-- Extracted records --
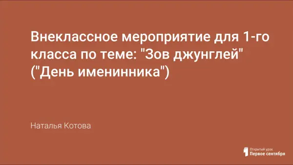 Форма игры "Зов джунглей" для проведения праздника "День именинника" в 1-м классе выбрана не случайно. Ребята недавно пришли в школу, им нужно как можно лучше узнать друг друга, проявить себя, и именно команда может в этом помочь. Кроме этого, все дети любят животных, и им интересно быть в их роли.
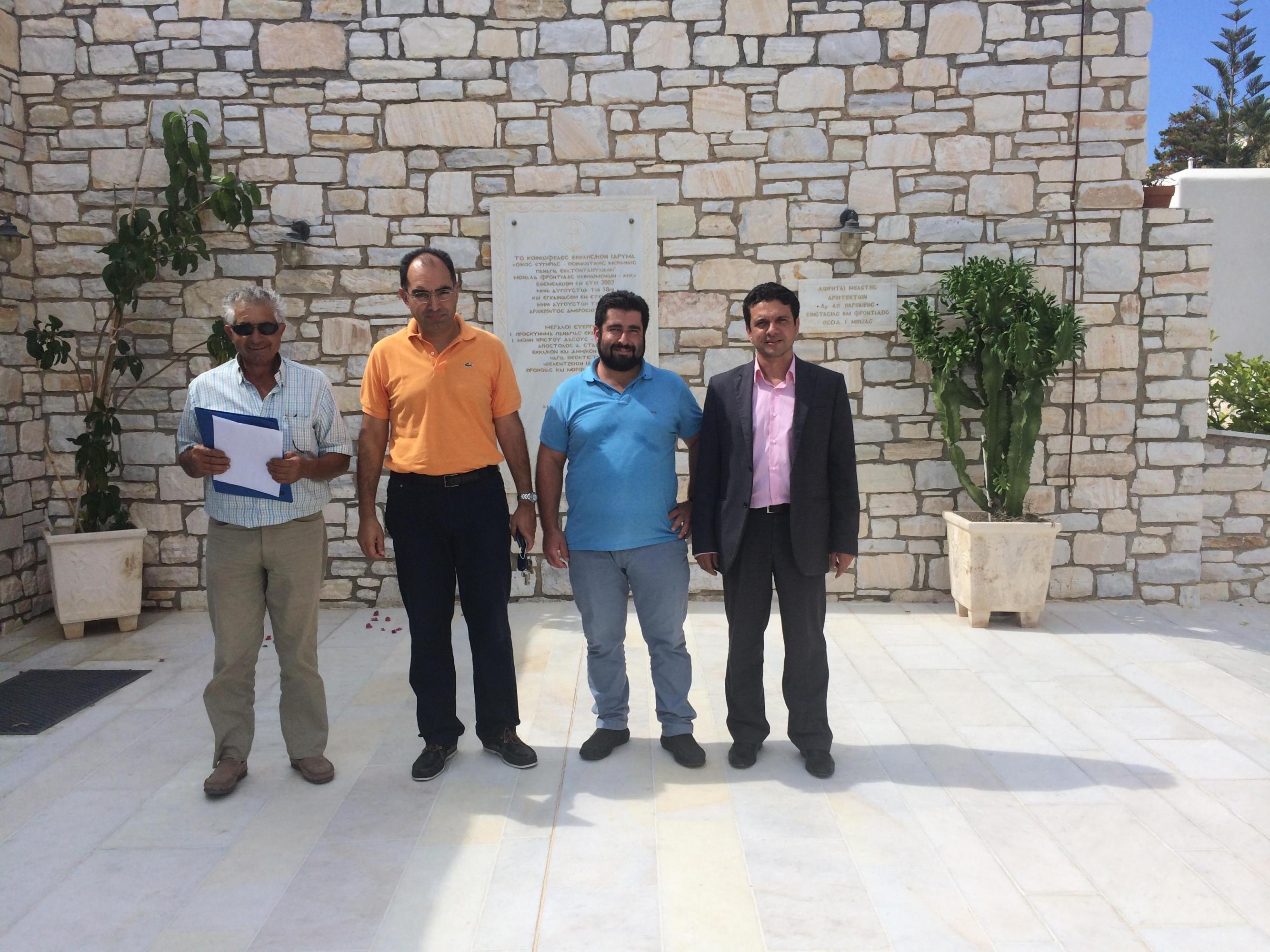 Στις 24 Σεπτεμβρίου 2015, ημέρα Πέμπτη, ο Αντιπεριφερειάρχης μετέβη στην Πάρο όπου στο λιμάνι τον υποδέχθηκε ο Έπαρχος Πάρου, κ. Κωνσταντίνος Μπιζάς και μαζί επισκέφθηκαν τον Ιερό Ναό της Παναγίας της Εκατονταπυλιανής όπου τους καλωσόρισε θερμά ο πατήρ Στυλιανός Μπιζάς. Προτού αποχωρήσουν από το χώρο του Ιερού Ναού συναντήθηκαν με εκπροσώπους της Διοικούσας Επιτροπής του Ιερού Προσκυνήματος της Παναγίας της Εκατονταπυλιανής και συγκεκριμένα με τη Γραμματέα, κυρία Διαλεκτή Αργουζή και το μέλος, κ. Ιορδάνη Νικόλαο, καθώς επίσης συνομίλησαν με τον πρώην Δήμαρχο Πάροου, κ. Αργουζή Κωνσταντίνο. Έπειτα, επισκέφθηκαν τις εγκαταστάσεις του Συλλόγου ΑΜΕΑΙ Πάρου όπου τους υποδέχθηκε η Πρόεδρος του Συλλόγου, κυρία Άννα Πολυκανδριώτη με την οποία συζήτησαν σχετικά με το έργο του Συλλόγου και τα περιθώρια στήριξής του από την Περιφέρεια Νοτίου Αιγαίου και έπειτα συναντήθηκαν με τον Πρόεδρο της Ελληνικής Ομάδας Διάσωσης Κυκλάδων, κ. Μπαρμπαρήγο – Παπαδάκη Γιώργο, ο οποίος μαζί με τα λοιπά μέλη της ομάδας του προσφέρουν άκοπα πολύτιμες εθελοντικές διασωστικές υπηρεσίες.
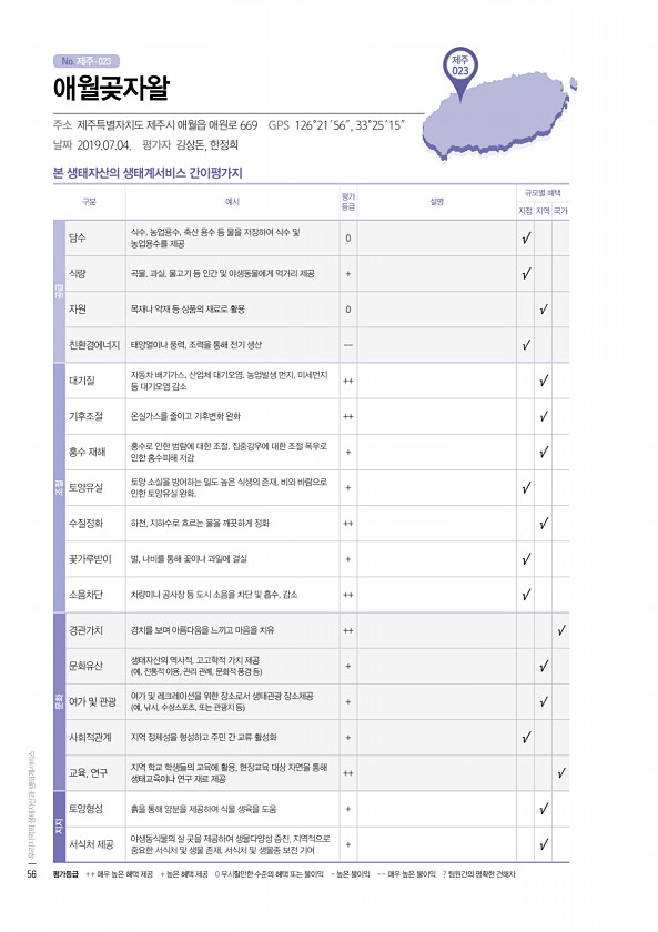 No. 제주- 제주 023 본 생태자산의 생태계서비스 간이평가지 구분 예시 평가 등급 설명 규모별 혜택 지점 지역 국가 공급 담수 식수, 농업용수, 축산 용수 등 물을 저장하여 식수 및 농업용수를 제공 0 √ 식량 곡물, 과실, 물고기 등 인간 및 야생동물에게 먹거리 제공 + √ 자원 목재나 약재 등 상품의 재료로 활용 0 √ 친환경에너지 태양열이나 풍력, 조력을 통해 전기 생산 -- √ 조절 대기질 자동차 배기가스, 산업체 대기오염, 농업발생 먼지, 미세먼지 등 대기오염 감소 ++ √ 기후조절 온실가스를 줄이고 기후변화 완화 ++ √ 홍수 재해 홍수로 인한 범람에 대한 조절, 집중강우에 대한 조절 폭우로 인한 홍수피해 저감 + √ 토양유실 토양 소실을 방어하는 밀도 높은 식생의 존재, 비와 바람으로 인한 ...
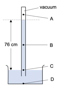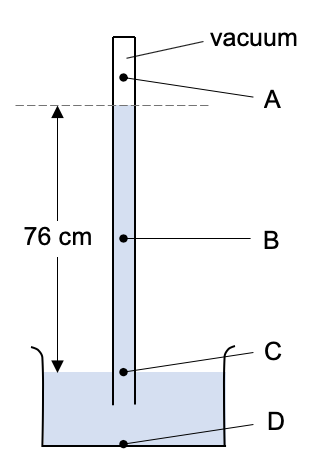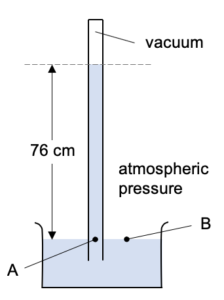 Pressure at A is caused by it being under 76 cm of mercury. There is a vacuum above it so this doesn’t add anything to the pressure.
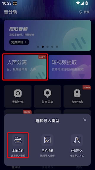 1、启动应用后,先选择人声分离功能,再从本地存储空间导入待处理的音频文件。
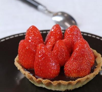 Faites chauffer la crème jusqu'à frémissement, hachez le chocolat et versez la crème chaude dessus ; ajoutez le beurre et mélangez délicatement pour que l'ensemble soit bien fondu. Versez dans les fonds de tartes. Laissez refroidir au moins 3 h. Démoulez les tartelettes. Équeutez les fraises et disposez-les sur les tartelettes au moment de servir. Faites tiédir la gelée de fraises et badigeonnez-en légèrement les fraises au pinceau pour donner de la brillance.
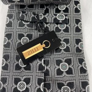 Zilli Gray Black Floral Geometric Mens Pure Silk Tie 3.75 Inch Width NWT
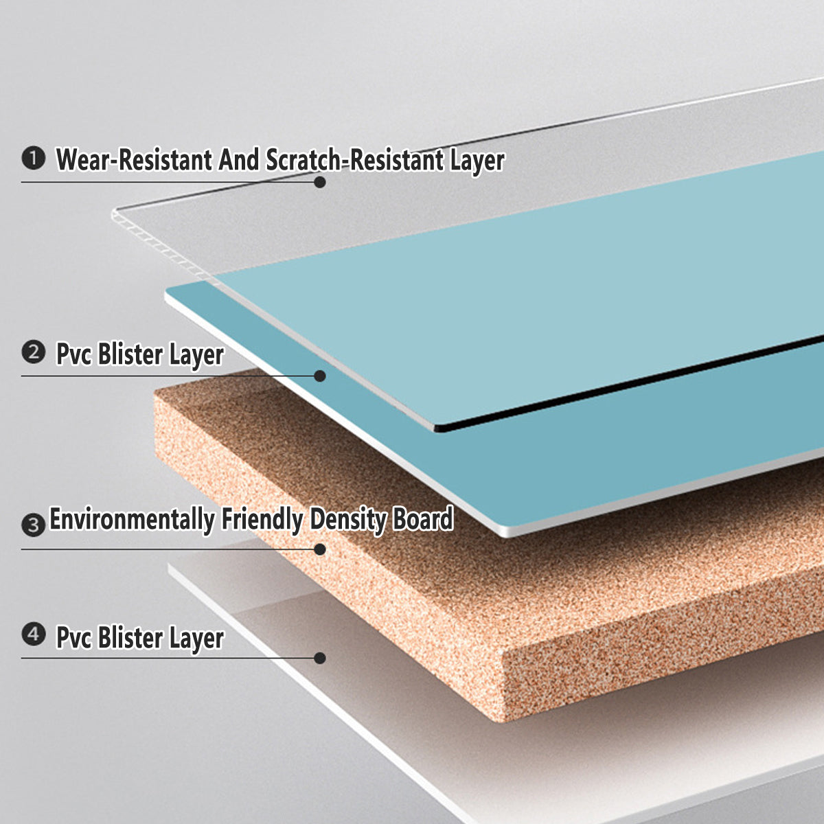 - Multi-Layered Construction: Includes a wear-resistant and scratch-resistant layer, PVC blister layers, and eco-friendly density board for durability.
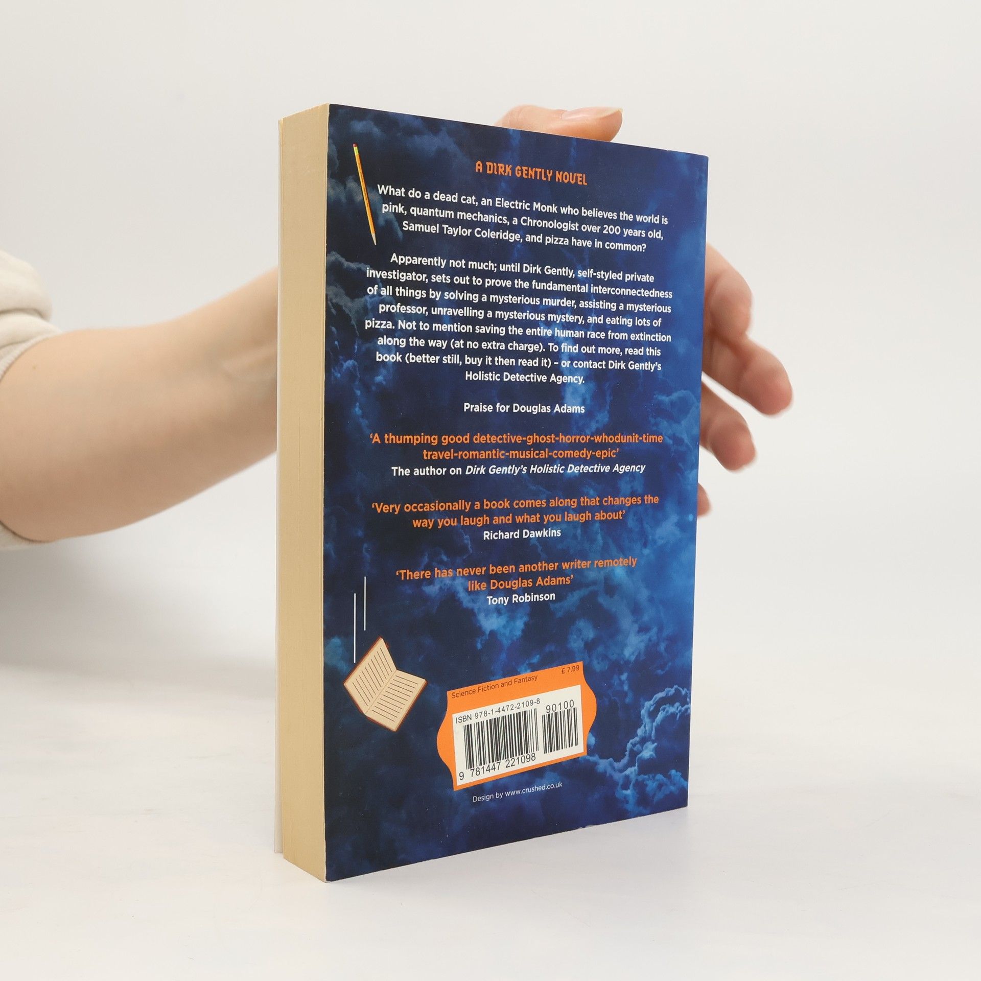 What do a dead cat, a computer whiz-kid, an Electric Monk who believes the world is pink, quantum mechanics, a Chronologist over 200 years old, Samuel Taylor Coleridge (poet), and pizza have in common? Apparently not much; until Dirk Gently, self-styled private investigator, sets out to prove the fundamental interconnectedness of all things by solving a mysterious murder, assisting a mysterious professor, unravelling a mysterious mystery, and eating a lot of pizza – not to mention saving the entire human race from extinction along the way (at no extra charge). To find out more, read this book (better still, buy it then read it) – or contact Dirk Gently's Holistic Detective Agency.
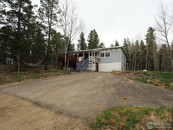 Sunny 2 bed 1 bath home sits on 1.10 acres that backs to National Forest for hiking and biking right out your back door. Open floor plan with laundry room and has a short ceiling basement. You can get a short car into it to use as a garage. Pellet stove in living room. Sit on you covered porch and watch the wild life. Septic has been inspected and will have the Gilpin County Use Permit soon. Domestic well so you can have a garden.
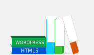 This features a collection of books stacked on top of each other, with the titles being related to web development. There are five books in total, with one book titled "HTML" and another titled "WordPress." These books appear to be arranged in a visually appealing manner, possibly for display or as part of an educational setting. The arrangement of these books suggests that they may be used by individuals who are interested in learning about web development and related topics.
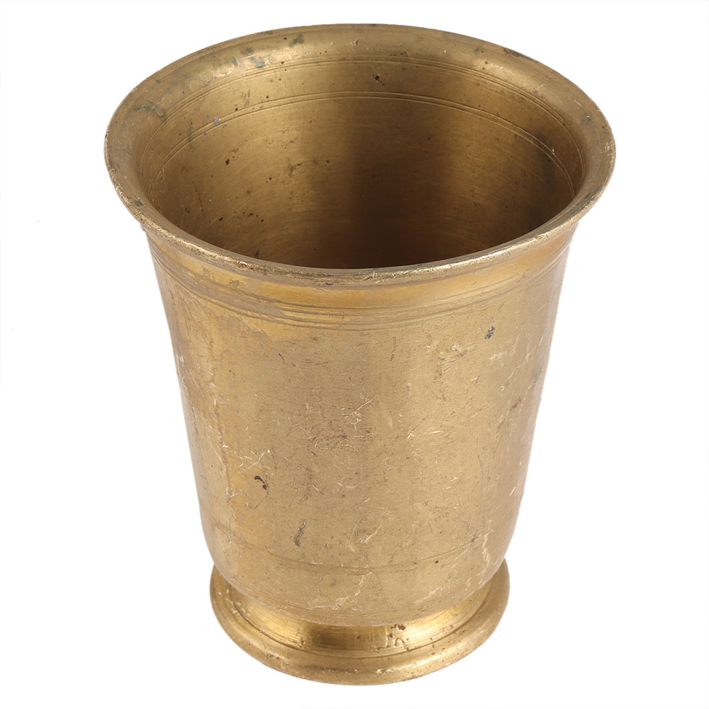 This brass tumbler or glass is part of our kitchen's traditional adornment. It is traditionally designed and handcrafted according to Indian tradition. It can be used for home, office, guesthouse, hotel, bar, wedding receptions, gatherings, and as a gift on the occasion of marriage, anniversary, birthday, and carnival.
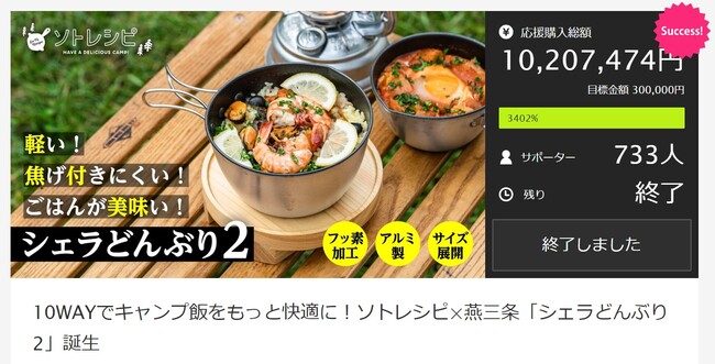 キャンプ飯レシピサイト「ソトレシピ(https://sotorecipe.com/)」を運営する株式会社ソトレシピ(本社:東京都渋谷区、代表取締役:千秋広太郎)は、アタラシイものや体験の応援購入サービス「Makuake(マクアケ)」にて2022年10月28日~12月19日まで先行販売した『ソトレシピプロダクツ』の新商品「シェラどんぶり2」のクラウドファンディング応援購入金額が1,000万円を突破いたしました。
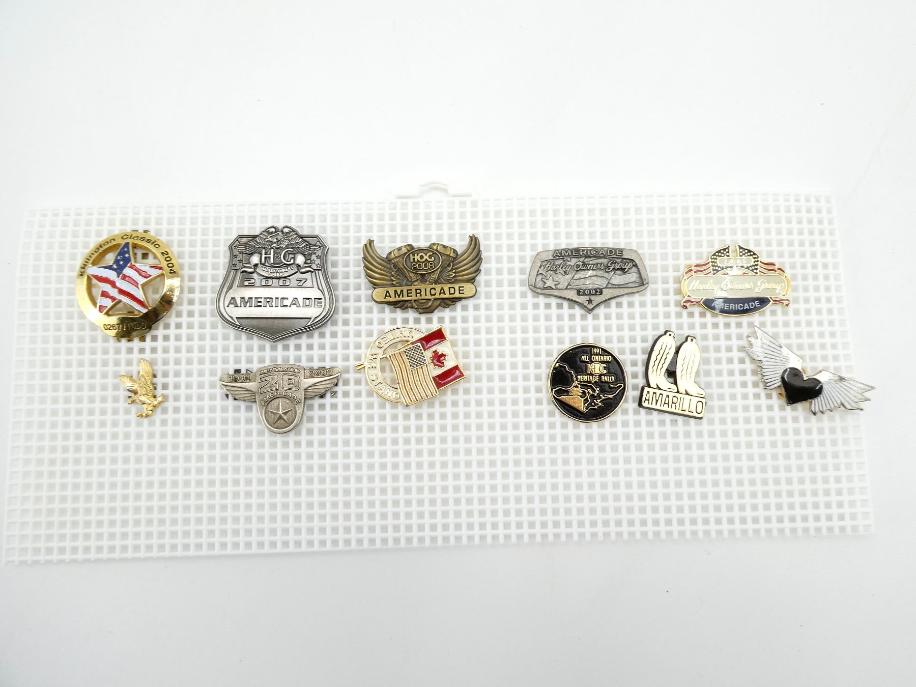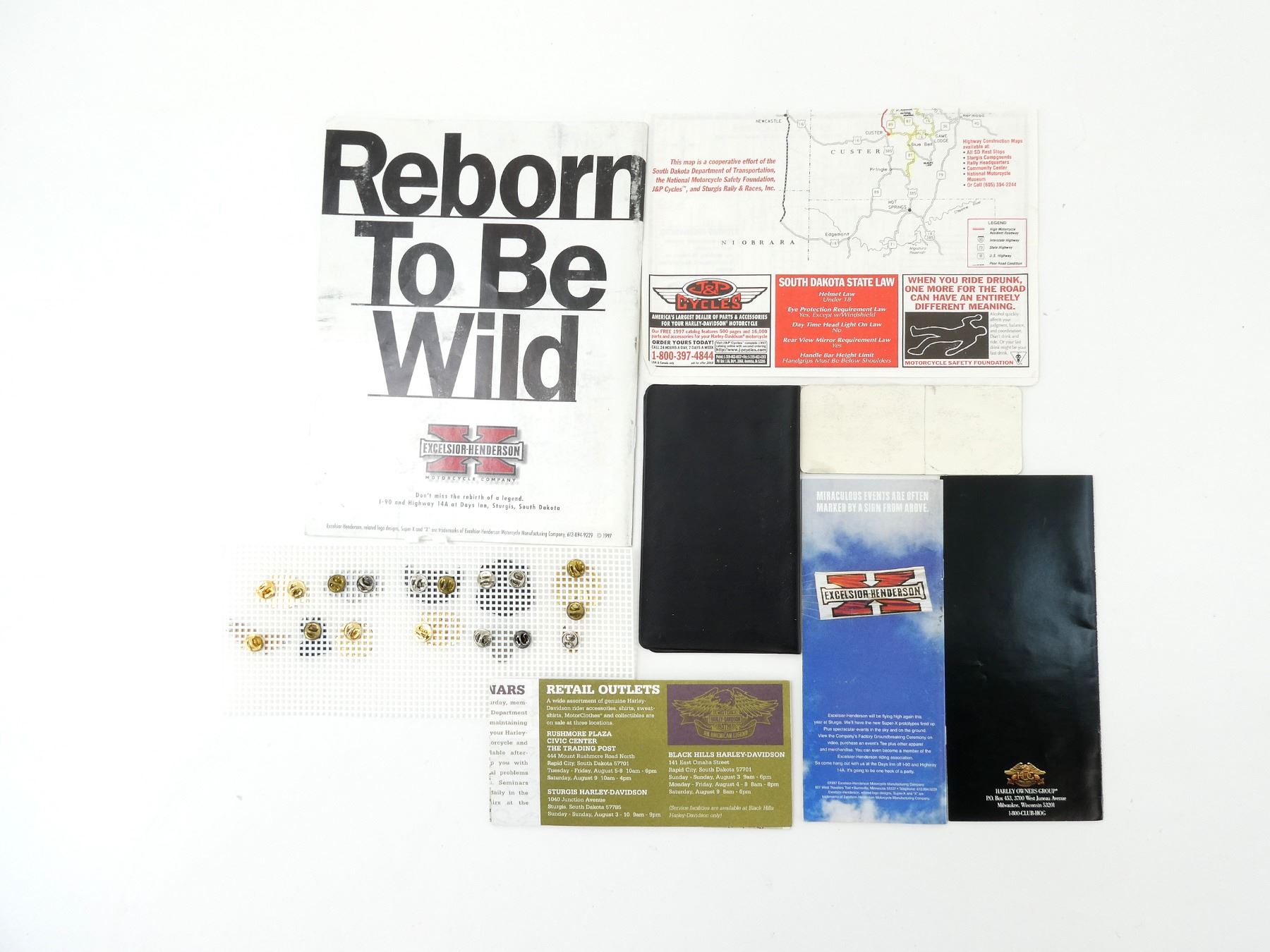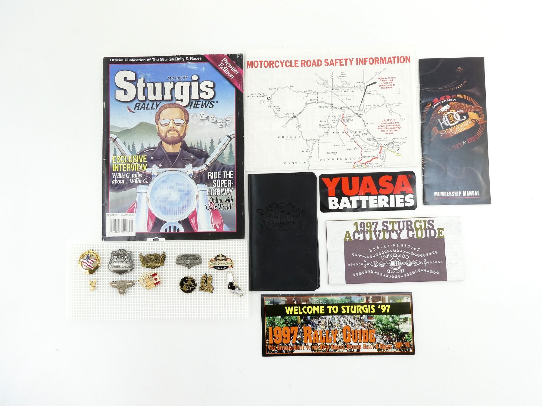 LOT INCLUDES; (2) ASSORTED STURGIS RALLY PAMPHLETS, 1997, (1) "STURGIS RALLY NEWS, SPRING '97" MAGAZINE, (1) "10TH ANNIVERSARY HARLEY OWNERS GROUP MEMBERSHIP MANUAL", (11) ASSORTED HARLEY OWNERS GROUP PINS, ETC. SEE PHOTOS.
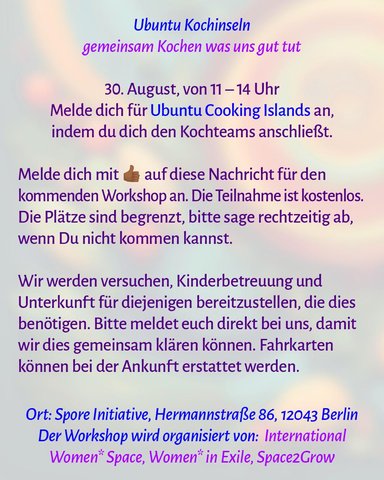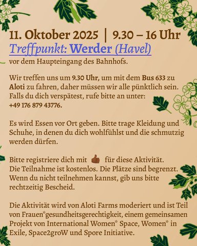 Die Aktivität wurde von Aloti Farms moderiert und ist Teil von Frauen*gesundheitsgerechtigkeit, einem gemeinsamen Projekt von International Women* Space, Women* in Exile, Space2Grow und Spore Initiative.

-- Task objective --
Only the lines from the beginning of the listing through the line with "Στις 24 Σεπτεμβρίου", both ends included, are to be repeated exactly; pictures stay out.

-- Answer for this exercise --
 Форма игры "Зов джунглей" для проведения праздника "День именинника" в 1-м классе выбрана не случайно. Ребята недавно пришли в школу, им нужно как можно лучше узнать друг друга, проявить себя, и именно команда может в этом помочь. Кроме этого, все дети любят животных, и им интересно быть в их роли.
 Στις 24 Σεπτεμβρίου 2015, ημέρα Πέμπτη, ο Αντιπεριφερειάρχης μετέβη στην Πάρο όπου στο λιμάνι τον υποδέχθηκε ο Έπαρχος Πάρου, κ. Κωνσταντίνος Μπιζάς και μαζί επισκέφθηκαν τον Ιερό Ναό της Παναγίας της Εκατονταπυλιανής όπου τους καλωσόρισε θερμά ο πατήρ Στυλιανός Μπιζάς. Προτού αποχωρήσουν από το χώρο του Ιερού Ναού συναντήθηκαν με εκπροσώπους της Διοικούσας Επιτροπής του Ιερού Προσκυνήματος της Παναγίας της Εκατονταπυλιανής και συγκεκριμένα με τη Γραμματέα, κυρία Διαλεκτή Αργουζή και το μέλος, κ. Ιορδάνη Νικόλαο, καθώς επίσης συνομίλησαν με τον πρώην Δήμαρχο Πάροου, κ. Αργουζή Κωνσταντίνο. Έπειτα, επισκέφθηκαν τις εγκαταστάσεις του Συλλόγου ΑΜΕΑΙ Πάρου όπου τους υποδέχθηκε η Πρόεδρος του Συλλόγου, κυρία Άννα Πολυκανδριώτη με την οποία συζήτησαν σχετικά με το έργο του Συλλόγου και τα περιθώρια στήριξής του από την Περιφέρεια Νοτίου Αιγαίου και έπειτα συναντήθηκαν με τον Πρόεδρο της Ελληνικής Ομάδας Διάσωσης Κυκλάδων, κ. Μπαρμπαρήγο – Παπαδάκη Γιώργο, ο οποίος μαζί με τα λοιπά μέλη της ομάδας του προσφέρουν άκοπα πολύτιμες εθελοντικές διασωστικές υπηρεσίες.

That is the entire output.